Restate word for word the lines below from the one that has "Fototapeta premium White" through the one that has "آنف الذكر. وللشاعر", keeping both and dropping all pictures.

## INFORMATION
○ ○ ○ ○ ○

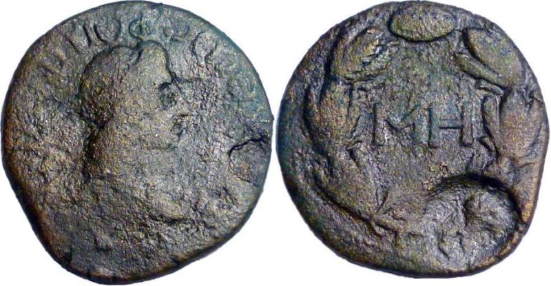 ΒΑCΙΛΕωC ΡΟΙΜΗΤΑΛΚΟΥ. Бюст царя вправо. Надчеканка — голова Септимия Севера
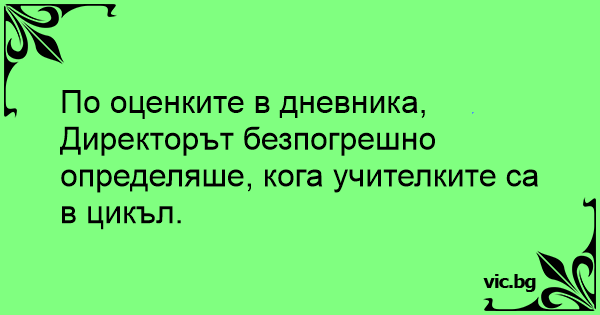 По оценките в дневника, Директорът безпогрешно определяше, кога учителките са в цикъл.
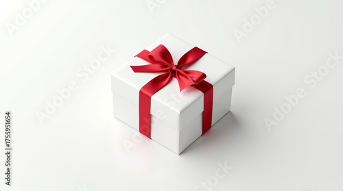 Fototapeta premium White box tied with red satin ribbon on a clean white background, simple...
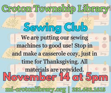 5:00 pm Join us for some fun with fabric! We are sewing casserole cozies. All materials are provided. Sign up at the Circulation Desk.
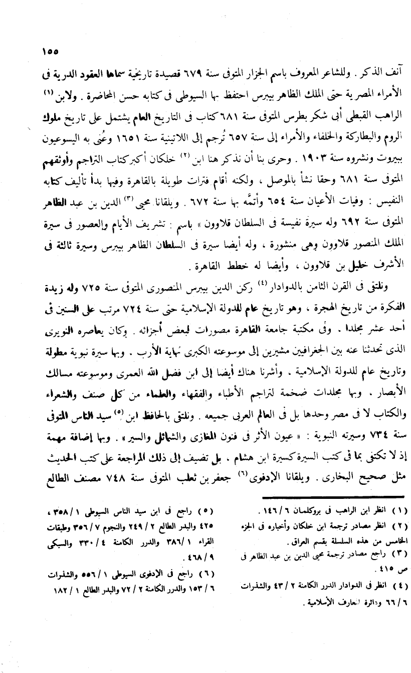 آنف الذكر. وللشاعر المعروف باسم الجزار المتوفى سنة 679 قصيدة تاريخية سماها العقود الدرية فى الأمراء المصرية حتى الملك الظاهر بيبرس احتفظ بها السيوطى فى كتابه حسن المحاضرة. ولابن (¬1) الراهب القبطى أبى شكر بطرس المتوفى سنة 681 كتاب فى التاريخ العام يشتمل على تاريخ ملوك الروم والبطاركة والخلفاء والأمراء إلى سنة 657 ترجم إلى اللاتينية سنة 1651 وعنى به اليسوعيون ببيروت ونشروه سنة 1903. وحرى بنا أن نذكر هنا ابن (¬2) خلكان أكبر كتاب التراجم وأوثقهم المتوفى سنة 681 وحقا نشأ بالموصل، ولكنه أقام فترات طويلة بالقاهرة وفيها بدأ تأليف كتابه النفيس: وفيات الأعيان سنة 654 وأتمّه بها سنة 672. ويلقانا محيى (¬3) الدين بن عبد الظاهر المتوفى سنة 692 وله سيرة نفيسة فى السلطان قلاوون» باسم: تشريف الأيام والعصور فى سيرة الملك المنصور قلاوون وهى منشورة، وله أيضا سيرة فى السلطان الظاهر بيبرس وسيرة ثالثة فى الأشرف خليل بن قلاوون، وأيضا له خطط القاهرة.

○ ○ ○ ○ ○

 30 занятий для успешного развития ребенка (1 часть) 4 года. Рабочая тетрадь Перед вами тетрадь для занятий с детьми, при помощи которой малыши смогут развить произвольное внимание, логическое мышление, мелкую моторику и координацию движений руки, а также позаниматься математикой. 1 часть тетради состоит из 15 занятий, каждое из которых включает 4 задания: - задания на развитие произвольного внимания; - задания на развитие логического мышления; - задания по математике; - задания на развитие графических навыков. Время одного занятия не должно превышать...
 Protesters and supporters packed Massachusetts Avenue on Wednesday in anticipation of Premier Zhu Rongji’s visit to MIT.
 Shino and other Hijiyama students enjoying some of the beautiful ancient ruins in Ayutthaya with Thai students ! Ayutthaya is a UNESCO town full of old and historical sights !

○ ○ ○ ○ ○

## OUTPUT OF THE EXERCISE
 Fototapeta premium White box tied with red satin ribbon on a clean white background, simple...
 5:00 pm Join us for some fun with fabric! We are sewing casserole cozies. All materials are provided. Sign up at the Circulation Desk.
 آنف الذكر. وللشاعر المعروف باسم الجزار المتوفى سنة 679 قصيدة تاريخية سماها العقود الدرية فى الأمراء المصرية حتى الملك الظاهر بيبرس احتفظ بها السيوطى فى كتابه حسن المحاضرة. ولابن (¬1) الراهب القبطى أبى شكر بطرس المتوفى سنة 681 كتاب فى التاريخ العام يشتمل على تاريخ ملوك الروم والبطاركة والخلفاء والأمراء إلى سنة 657 ترجم إلى اللاتينية سنة 1651 وعنى به اليسوعيون ببيروت ونشروه سنة 1903. وحرى بنا أن نذكر هنا ابن (¬2) خلكان أكبر كتاب التراجم وأوثقهم المتوفى سنة 681 وحقا نشأ بالموصل، ولكنه أقام فترات طويلة بالقاهرة وفيها بدأ تأليف كتابه النفيس: وفيات الأعيان سنة 654 وأتمّه بها سنة 672. ويلقانا محيى (¬3) الدين بن عبد الظاهر المتوفى سنة 692 وله سيرة نفيسة فى السلطان قلاوون» باسم: تشريف الأيام والعصور فى سيرة الملك المنصور قلاوون وهى منشورة، وله أيضا سيرة فى السلطان الظاهر بيبرس وسيرة ثالثة فى الأشرف خليل بن قلاوون، وأيضا له خطط القاهرة.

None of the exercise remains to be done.